Exposure to surgery and anesthesia can occur at different stages of pregnancy. To investigate whether the impact on mouse forebrain development varies with the stage of embryonic exposure to sevoflurane, we selected two critical time points in embryonic brain development (E12.5 and E18.5). Sevoflurane can activate GABA receptors, which play crucial roles in cortical neuron development, with GABA_B1 and GABA_A-α3 subunits widely expressed during early embryogenesis (Laurie et al., 1992). These receptors are involved in neural progenitor cell proliferation, migration, and differentiation (Luján et al., 2005). Glutamatergic neurons and their progenitors express Pax6 (Laurie et al., 1992; Luján et al., 2005), whereas GABAergic interneurons express Mash1 in their proliferative zones (Letinic et al., 2002). Our in situ hybridization experiments revealed that at two key embryonic stages—early neurogenesis (E12.5) and late prenatal neuronal migration (E18.5)—Pax6 is expressed in the VZ/SVZ of the PFC and coexists with GABA_B1 and GABA_A-α3 receptors, whereas Mash1 is expressed in the GE and coexists with these receptors. GABA signaling has a strong regulatory effect on both radial migration and tangential migration. Research has shown that functional ionotropic GABA_A receptors exist in cells involved in radial migration and serve as a stop signal for developing cortical radial migration neurons (Owens et al., 1996). GABA_A receptors are involved in the migration of neurons from the proliferative zone into the intermediate zone, whereas GABA_B receptors provide signals that prompt cells to migrate into the cortical plate (Heck et al., 2007). Metabotropic GABA_B receptors, on the other hand, are reportedly associated with the tangential migration of neurons (López-Bendito et al., 2003). These findings suggest that PSE during different stages of embryo development may differentially affect neuronal migration by influencing GABA receptors.

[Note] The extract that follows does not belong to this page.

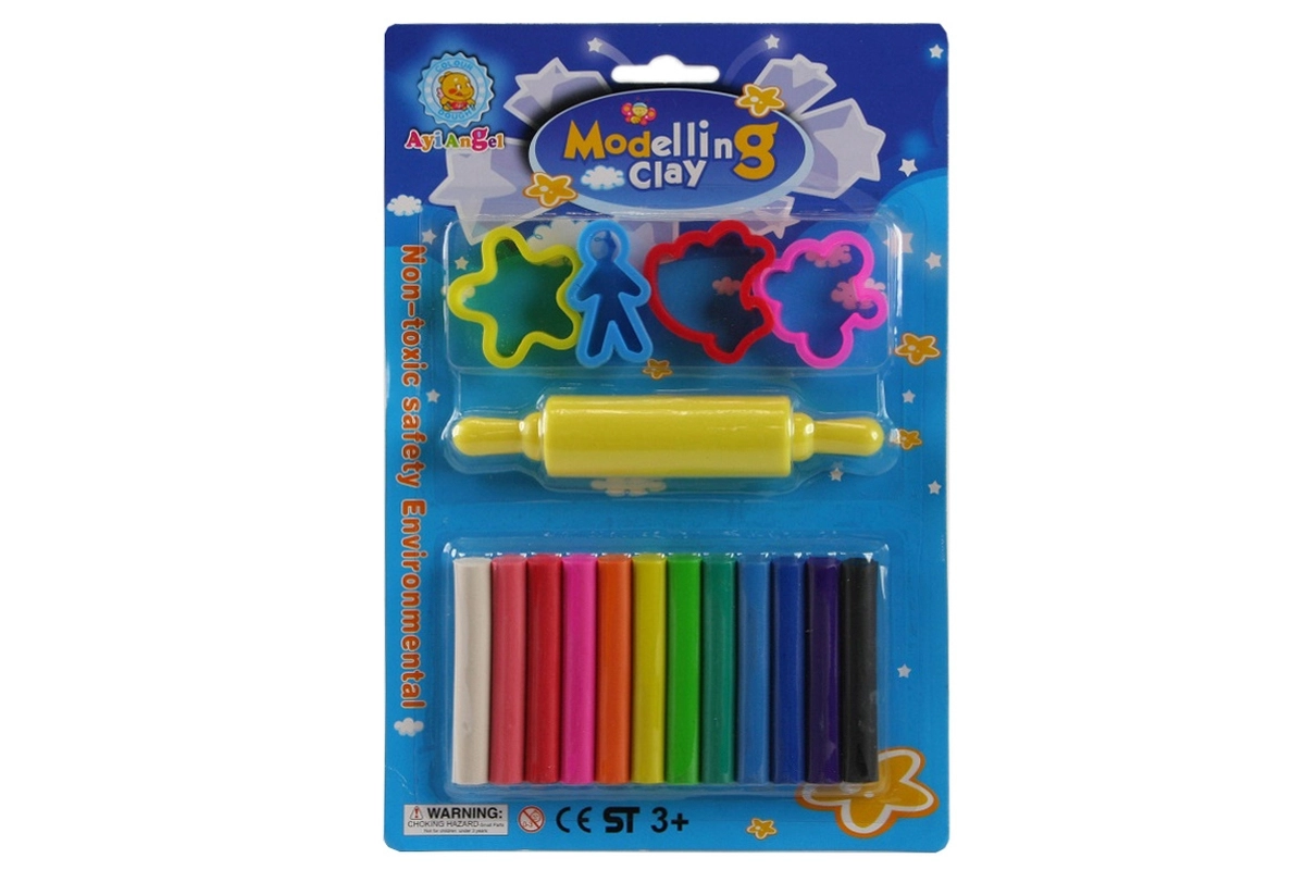 Modeleringssættet indeholder 12 farver modellervoks, en kagerulle på ca. 13 cm og 4 forme. Pakningens mål er ca. 17 cm x 25 cm. Alder 3+

Although prior studies have demonstrated that 4-h exposure to 2.5% sevoflurane induces neuronal apoptosis in neonatal mice (Zhao S. et al. 2020), the developmental stage-specific impacts on neuronal migration and behavioural outcomes remain unexplored. Notably, extended exposure to 2.5% sevoflurane for 6 h has been shown to elicit cortical maldevelopment and cognitive dysfunction (Song et al., 2017). Our preliminary experiments revealed that 4-h exposure during the E12.5 stage (a critical window for cortical neuronal migration in mice) significantly delays migratory progression and is correlated with marked cognitive deficits and anxiety-like behaviors in juvenile stage. While our study did not directly assess myelination status or apoptosis following 4 h PSE exposure, the 6 h sevoflurane exposure duration has been specifically associated with both myelination suppression (Zuo et al., 2020), and increased inflammation signaling pathways activation (Zhang et al., 2024), potentially confounding phenotypic interpretation through dual mechanisms. Our selection of the 4 h paradigm was therefore designed to capture primary migratory impairments while avoiding the established neurotoxic thresholds reported in these longer-duration exposures. The divergent phenotypic patterns observed between exposure durations—particularly for PAX6⁺ neuronal distribution—hint at temporally stratified mechanisms (Englund et al., 2005).

Ionotropic GABA_A receptors themselves act as depolarizing signals to stop the migration of developing cortical radial glial neurons during embryonic development (Furukawa et al., 2014). Our results indicate that sevoflurane exposure led to a reduction in Tbr1⁺ distribution in both PSE groups (Figures 3H, 4B), with notable inhibition of radial migration. Therefore, the inhibition of radial migration by sevoflurane may be due to its activation of GABA_A receptors. Interestingly, in the P0 mouse cortex, compared with that in the control group, the decrease in Tbr1⁺ density during early embryonic cortex development (E12.5-sevo group) occurred mainly in the ventral region of the cortical CP area (6–7 bins). In contrast, during late embryonic cortex development (E18.5 exposure group), the decrease occurred mainly in the dorsal region of the CP area (5–6 bins). This may be related to the temporal dynamics of cortical development, during early embryonic development, immature neurons exhibit depolarization upon GABA_A receptor activation due to NKCC1-mediated high intracellular chloride concentrations, promoting neuronal migration through chloride efflux (Dzhala et al., 2005; Ben-Ari et al., 2007). However, excessive enhancement of GABA_A activity by sevoflurane may disrupt migratory rhythms through chloride depletion or network hyperexcitability triggered by prolonged inhibitory signaling. In contrast, at later developmental stages, the upregulation of KCC2 reduces intracellular chloride levels, converting GABA_A receptor activation to hyperpolarization, thereby inhibiting migration (Dzhala et al., 2005; Ben-Ari et al., 2007). Although migratory activity is reduced during this phase, GABA_B receptors further modulate the process by suppressing glutamatergic signaling (Sanchez-Vives et al., 2021), which may provide negative feedback regulation effects. Furthermore, the dynamic regulatory compensation between NKCC1 and KCC2 creates a homeostatic balance across developmental stages. This biphasic regulatory mechanism with built-in compensatory pathways ultimately results in limited differential impacts of sevoflurane exposure between early and late developmental periods. We propose that this mechanism likely underlies the observation that early versus late treatment groups demonstrate only minor intensity differences in a few measured parameters rather than substantial overall divergence.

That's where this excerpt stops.